This article was published more than 1 year ago
PORT-AU-PRINCE, Haiti — Two of the 17 foreign missionaries who were kidnapped by a notorious street gang in Haiti last month have been released, a U.S. aid group said Sunday.
“Only limited information can be provided, but we are able to report that the two hostages who were released are safe, in good spirits, and being cared for,” Ohio-based Christian Aid Ministries said in a statement posted to its website. “We praise God for this!”
Haitian authorities confirmed the release to The Washington Post. Haiti National Police spokesman Garry Desrosiers said he could not provide details.
The Oct. 16 kidnappings of the missionaries and family members by the gang 400 Mawozo thrust the poverty-stricken Caribbean nation again into the center of an international crisis.
The group included 16 Americans and a Canadian — six men, six women and five children. The adults ranged in age from 18 to 48, Christian Aid Ministries said. The children ranged from 8 months to 15.
The missionaries were seized while returning from a visit to an orphanage that receives support from Christian Aid Ministries, the organization said. The gang, 400 Mawozo, has demanded $1 million for the return of each victim.

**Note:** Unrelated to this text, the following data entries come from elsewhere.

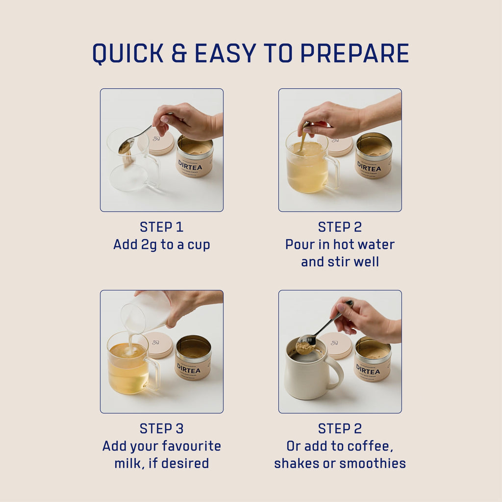 "Lion's Mane mushrooms are a natural cognitive tonic designed to elevate brain function, enhance memory, sharpen focus, and boost mental clarity—all while aiding digestion.Fortified with zinc, DIRTEA Lion's Mane also supports a healthy immune system, giving you an unbeatable boost in both brain power and immunity naturally.Feel the DIRTEA difference. Kickstart your mornings, sharpen your mind, and enjoy sustained energy naturally.2,000mg of Lion's Mane per servingHigh in zinc100% organic dual-extracted fruiting bodiesDAKKS certified lab tested60g, 30 servings, 2g serving size"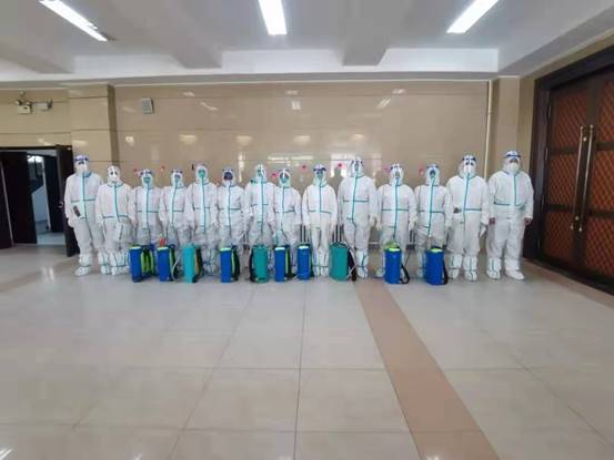 迎难而上勇担重任。消杀工作任务繁重、责任重大,学校绿化保洁服务中心和物业公司全体保洁人员在这个非常时期肩负起了消杀的艰巨任务,化身“白衣战士”在保证日常保洁卫生的前提下,每天对各公共区域开展全面消杀。
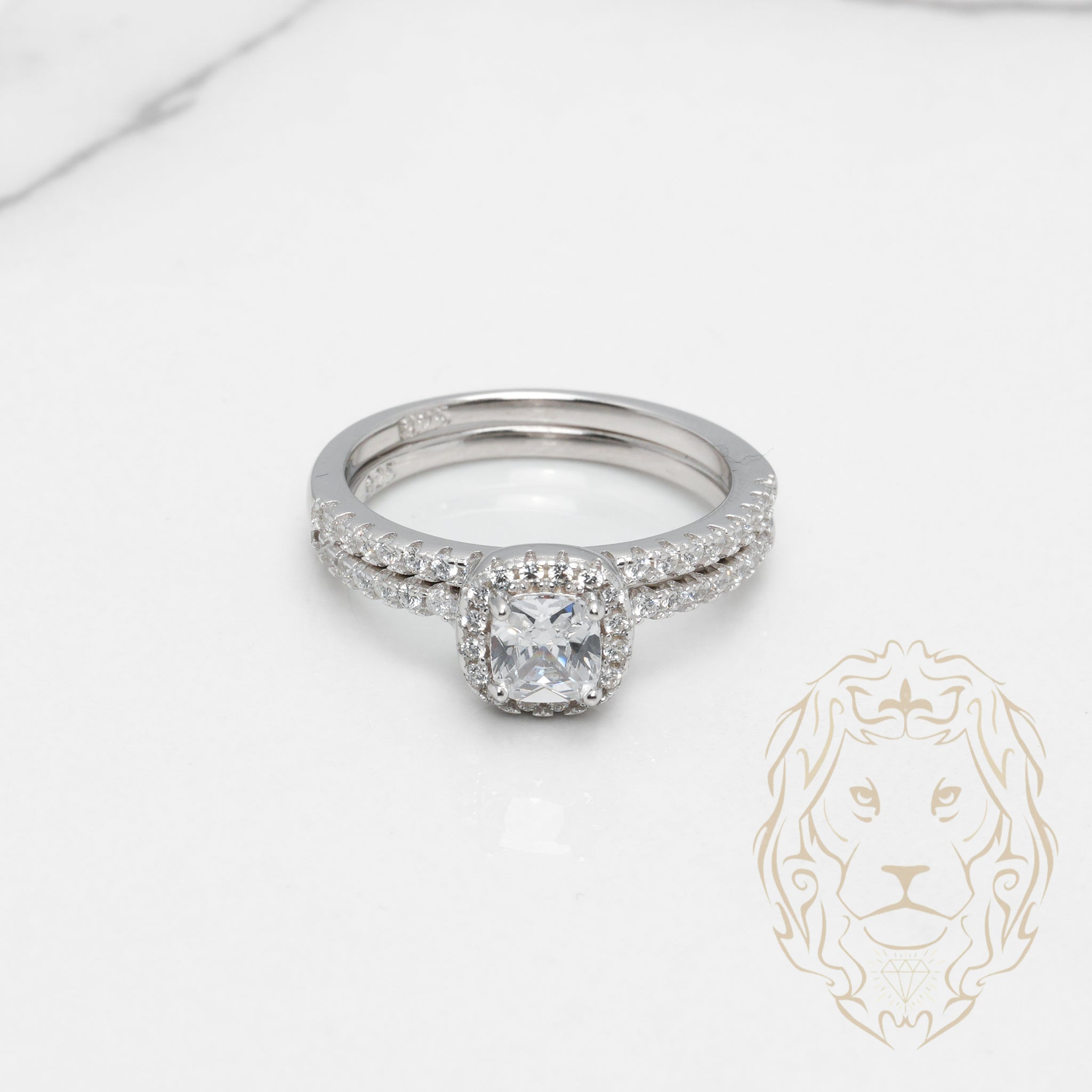 Bague de fiançailles - Argent ensemble (2) halo pierre cz coupe coussin & alliance semi-éternité - RIS870

Gédéon Jean, director of a Port-au-Prince think tank that tracks kidnapping, described the release as “a good step that indicates that the rest of the hostages could soon be free.”
“In general, 400 Mawozo hold the victims of group kidnappings for no longer than 15 days,” Jean said. “This is the first time that they kidnapped a group and they have kept them for more than a month.

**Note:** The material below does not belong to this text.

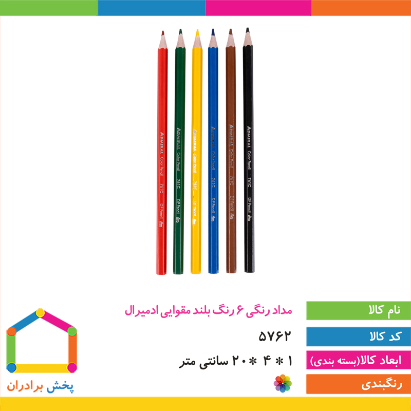 مداد رنگی ۶ رنگ بلند مقوایی ادمیرال

“This is an indication that the negotiations are not easy,” Jean said.
U.S. and Canadian officials have said they are working closely with Haitian counterparts to secure the hostages’ freedom. The United States says it does not pay ransoms for kidnapped citizens.
State Department and FBI officials were on the ground in Haiti last month. The U.S. government has seen proof that at least some of the hostages were alive, Reuters reported this month, citing an unnamed senior Biden administration official.
“We welcome reports that two individuals held hostage in Haiti have been released,” a State Department spokesperson said, declining further comment. The Canadian Foreign Ministry did not immediately respond to emailed questions.
Christian Aid Ministries did not respond to requests for comment.
“We cannot provide or confirm the names of those released, the reasons for their release, where they are from, or their current location,” the organization said in its statement. “We ask that those who have more specific information about the release and the individuals involved would safeguard that information.”
The organization has repeatedly requested prayers for the hostages and for their abductors.
“While we rejoice at this release, our hearts are with the fifteen people who are still being held,” it said Sunday. “Continue to lift up the remaining hostages before the Lord.”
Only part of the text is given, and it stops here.